# WHAT TO WORK ON
Go to the line with "品牌型号:iPhone13pro max 系统:IOS15.4开发者_运维百科" in the material below and copy from there through the line with "18:00 Концерт коллектива", exactly. Pictures are not copied.

# GIVEN RECORDS
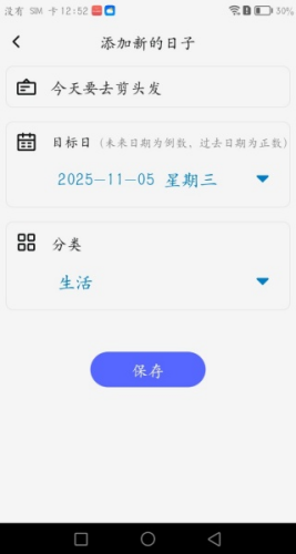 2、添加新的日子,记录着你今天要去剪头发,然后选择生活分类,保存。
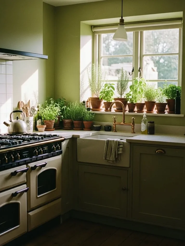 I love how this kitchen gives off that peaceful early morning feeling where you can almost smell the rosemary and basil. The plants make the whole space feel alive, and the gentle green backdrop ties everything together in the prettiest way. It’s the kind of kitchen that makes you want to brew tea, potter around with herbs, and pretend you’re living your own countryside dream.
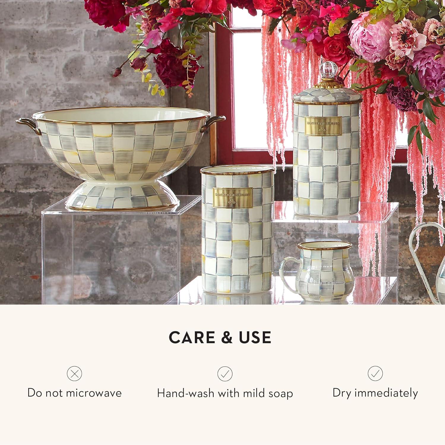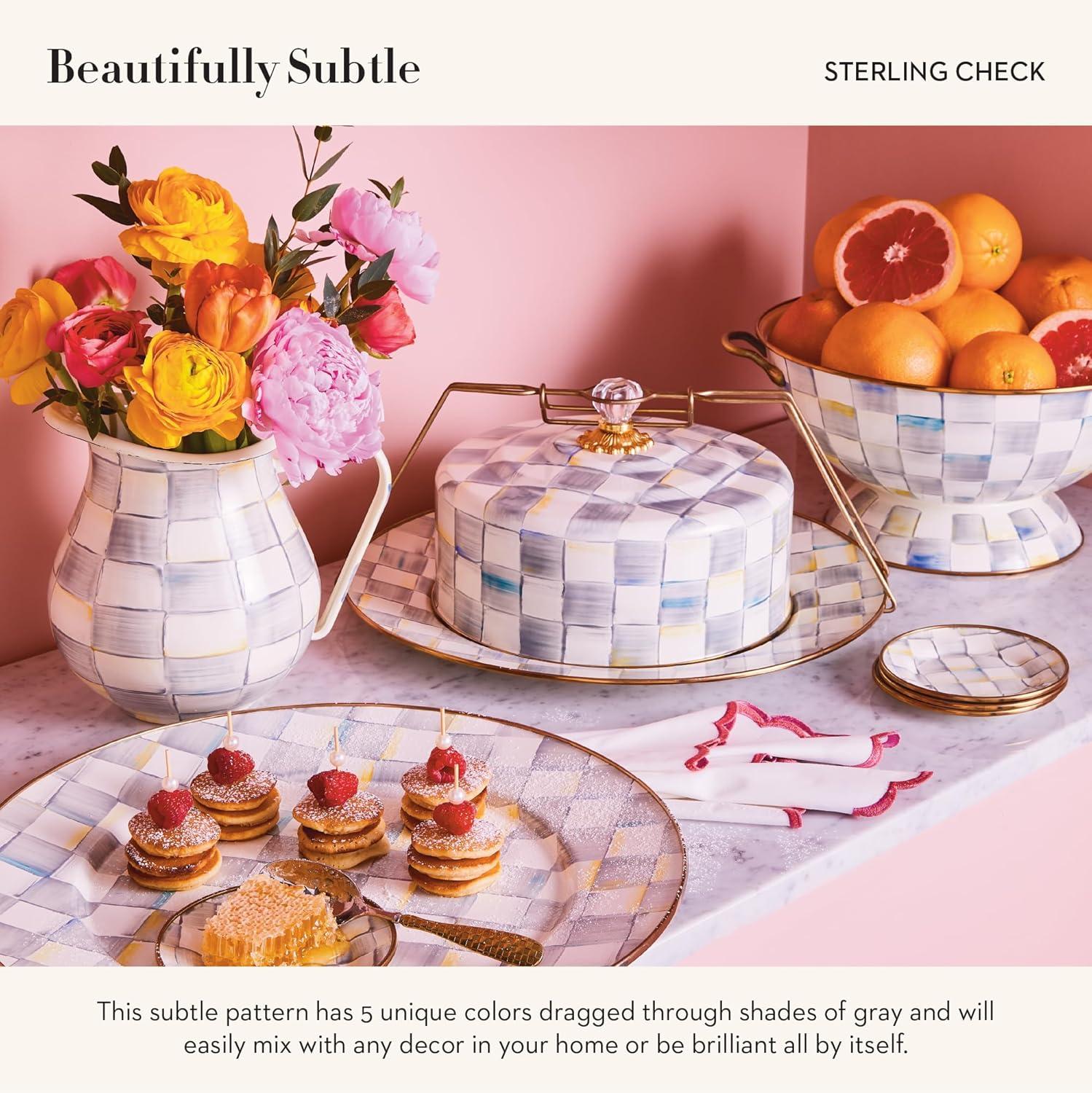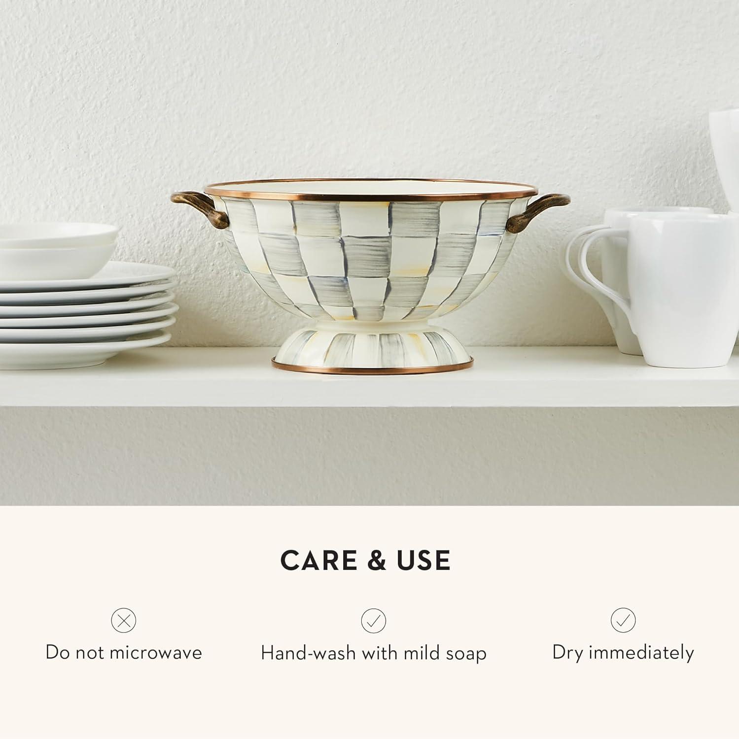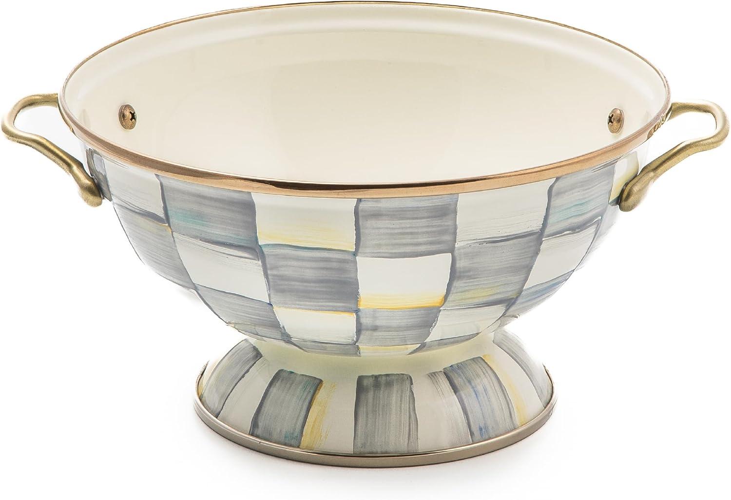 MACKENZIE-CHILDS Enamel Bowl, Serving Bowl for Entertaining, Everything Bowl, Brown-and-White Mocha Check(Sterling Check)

* * *

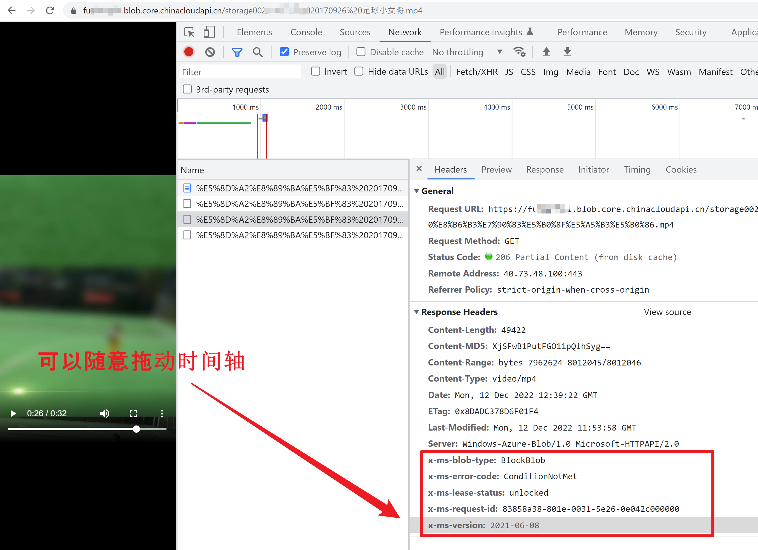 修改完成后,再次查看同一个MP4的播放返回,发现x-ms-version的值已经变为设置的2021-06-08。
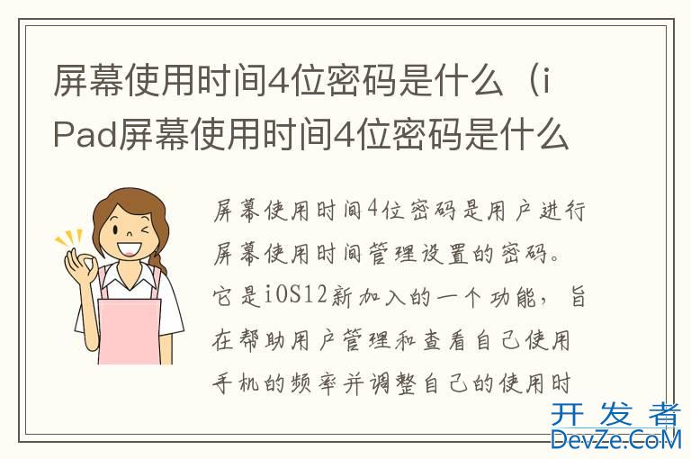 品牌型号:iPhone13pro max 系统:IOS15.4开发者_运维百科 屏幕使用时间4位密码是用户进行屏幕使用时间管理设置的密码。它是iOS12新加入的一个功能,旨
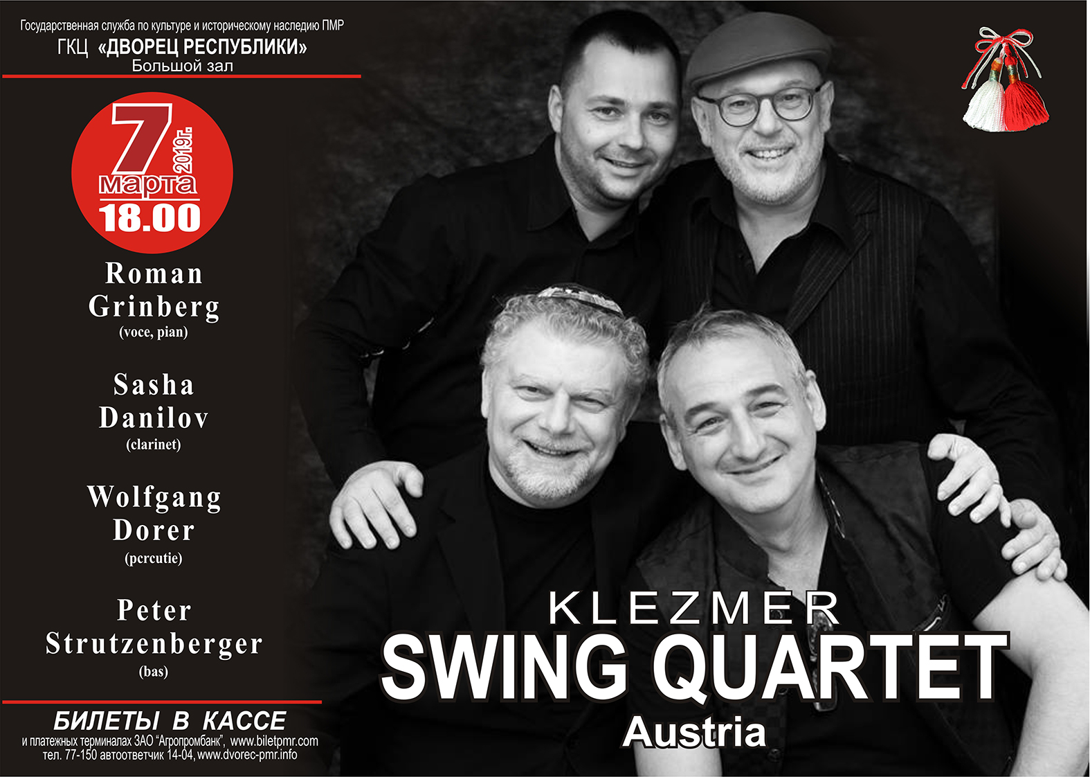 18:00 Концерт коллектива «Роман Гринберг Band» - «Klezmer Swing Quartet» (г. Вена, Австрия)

# RESPONSE TO THIS TASK
 品牌型号:iPhone13pro max 系统:IOS15.4开发者_运维百科 屏幕使用时间4位密码是用户进行屏幕使用时间管理设置的密码。它是iOS12新加入的一个功能,旨
 18:00 Концерт коллектива «Роман Гринберг Band» - «Klezmer Swing Quartet» (г. Вена, Австрия)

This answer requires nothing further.